Before me the ld. AR reiterated the submissions made before the Assessing Officer and CIT(A) and further submitted that the amount in dispute was paid as professional charges to a firm M/s. M B Athwale & Co., Chartered Accountants for giving various professional services on retainership basis. It was further submitted that professional fees was also paid to a separate legal consultant for giving advice on legal matters concerning the society. It was further submitted that payment of professional fees was for the purpose of society’s activities, without which it would not be possible to carry out various functions prescribed under the Act. He further submitted that the advance which was received from the Members of society to meet the expenditure involved in running the society is temporarily invested in Nationalized Bank and the interest earned is a business income and cannot be assessed as ‘Income from other sources’. He therefore, submitted that addition made by Assessing Officer is not called for. He further relied on the decisions in the case of CIT Vs.

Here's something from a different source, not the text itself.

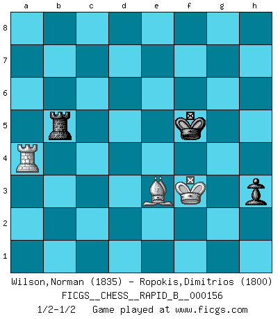 Last move : 1/2-1/2 2010 September 23 9:43:36 [Event "FICGS__CHESS__RAPID_B__000156"] [Site "FICGS"] [Date "2010.07.26"] [Round "1"] [White "Wilson,Norman"] [Black "Ropokis,Dimitrios"] [Result "1/2-1/2"] [WhiteElo "1835"] [BlackElo "1800"] 1.e4 c6 2.d4 d5 3.Nc3 dxe4 4.Nxe4 Nf6 5.Nxf6+ exf6 6.Nf3 Bf5 7.Bd3 Bxd3 8.Qxd3 Bd6 9.O-O O-O 10.Bd2 Na6 11.Rfe1 Nc7 12.g3 Qd7 13.Kg2 Rfe8 14.Rxe8+ Rxe8 15.c4 b6 16.h3 g6 17.Rd1 Bf8 18.Bc3 Bg7 19.Qc2 Ra8 20.Qb3 Re8 21.Qa4 a6 22.Qc2 Ne6 23.Qb3 Qb7 24.Ba5 Rb8 25.Bd2 f5 26.Be3 b5 27.d5 cxd5 28.cxd5 Nc7 29.d6 Ne6 30.d7 Rd8 31.Qd5 Qxd5 32.Rxd5 Nf8 33.Ne5 Bxe5 34.Rxe5 Kg7 35.Re8 Rxd7 36.Ra8 Ne6 37.Rxa6 g5 38.Ra5 Rb7 39.h4 gxh4 40.gxh4 Kg6 41.Kg3 Rb8 42.f4 Rb7 43.Kf3 Kh5 44.a4 bxa4 45.Rxf5+ Kg6 46.Ra5 f5 47.h5+ Kxh5 48.Rxf5+ Kg6 49.Ra5 Rxb2 50.f5+ Kf6 51.fxe6 Kxe6 52.Rxa4 Rb5 53.Ra6+ Kf5 54.Ra7 h5 55.Ra6 h4 56.Ra4 h3 1/2-1/2 Caro-Kann : Tartakower (Nimzovich) variation Kingside Castling by player White (move 9) Kingside Castling by player Black (move 9) 10 pieces endgame at move 48 : White KRBPP , Black KRNPP WHITE : King + 1 Rook 1 Bishop 2 Pawns BLACK : King + 1 Rook 1 Knight 2 Pawns 9 pieces endgame at move 49 : White KRBP , Black KRNPP WHITE : King + 1 Rook 1 Bishop 1 Pawn BLACK : King + 1 Rook 1 Knight 2 Pawns 8 pieces endgame at move 51 : White KRBP , Black KRPP WHITE : King + 1 Rook 1 Bishop 1 Pawn BLACK : King + 1 Rook 2 Pawns 7 pieces endgame at move 51 : White KRB , Black KRPP WHITE : King + 1 Rook 1 Bishop BLACK : King + 1 Rook 2 Pawns 6 pieces endgame at move 52 : White KRB , Black KRP WHITE : King + 1 Rook 1 Bishop BLACK : King + 1 Rook 1 Pawn This chess game ended in a draw. Follow this game move after move (download)I like to say that Bobby Fischer was the greatest player ever. But what made Fischer a genius was his ability to blend an American freshness and pragmatism with Russian ideas about strategy. (Bruce Pandolfini) Spiel ein langweiliges Spiel zu Ende und lustige Dinge können passieren. (Hans Ree) Si yo gano un torneo, yo lo gano por mí mismo. Yo hago las jugadas. Nadie me ayuda. (Bobby Fischer) Vous m'avez demandé de vous exposer quel est le fondement de la prière. Je ne fais que préparer les pièces du jeu sur la table... Nous sera-t-il permis d'en adopter les règles et si nous les appliquons scrupuleusement nous ne tarderons pas à faire mat le Roi divin ! Il ne pourra échapper à nos mains. (Sainte Thérèse d'Avila, Chemin de perfection) 98% of all statistics are made up. (Author unknown)

Maruti Employees Co- Operative House Building Society Ltd. (2010) 320 ITR 254 (P&H), M/s. Marvel Vivacity Condominium Vs. ITO in for A.Y. 2013-14, order dated 27.03.2019 and in the case of Nivedita Garden Condominium Vs. ITO in ITA No.1210/PUN/2019, for A.Y. 2016-17, order dated 07.10.2019. He therefore, submitted that the claim of assessee be allowed.
The ld. DR on the other hand supported the orders of Assessing Officer and CIT(A).
I have heard the rival submissions and perused the material on record. The issue in the present appeal is about the denial of deduction of professional fees and holding it to be out of other sources. It is an undisputed fact that the assessee is a housing society. I find that identical issue arose before the Tribunal in the case of Nivedita Garden Condominium Vs. ITO (supra) wherein the Tribunal has held that interest income is to be adjusted against the expenditure incurred by the assessee during the year and the same is not separately assessable in the hands of the assessee. The relevant findings of Tribunal in the case of Nivedita Garden Condominium Vs. ITO (supra) are as under:- “8. After perusing the aforesaid order of the Tribunal (supra), we find an identical issue came up before the Tribunal in the case of M/s. Marvel decided
the issue in favour of the assessee. Thus, the interest income is to be adjusted against the expenditure incurred by the assessee during the year and the same is not separately assessable in the hands of the assessee. Considering the above facts and following the rule of judicial discipline, I am of the opinion that the issue raised by the assessee in this appeal should be allowed in favour of the assessee. Thus, the ground raised by the assessee is allowed.”
Before me, the Revenue has not pointed out as to how the decision in the case of Nivedita Garden Condominium Vs. ITO (supra) would not be applicable to the present case. I therefore, following the ratio of decision in the case of Nivedita Garden Condominium Vs. ITO (supra), hold that the assessee is eligible for claim of deduction. In view of the aforesaid, the grounds raised by the assessee are allowed.
In the result, the appeal of assessee is allowed.
Order pronounced on 21st day of January, 2020.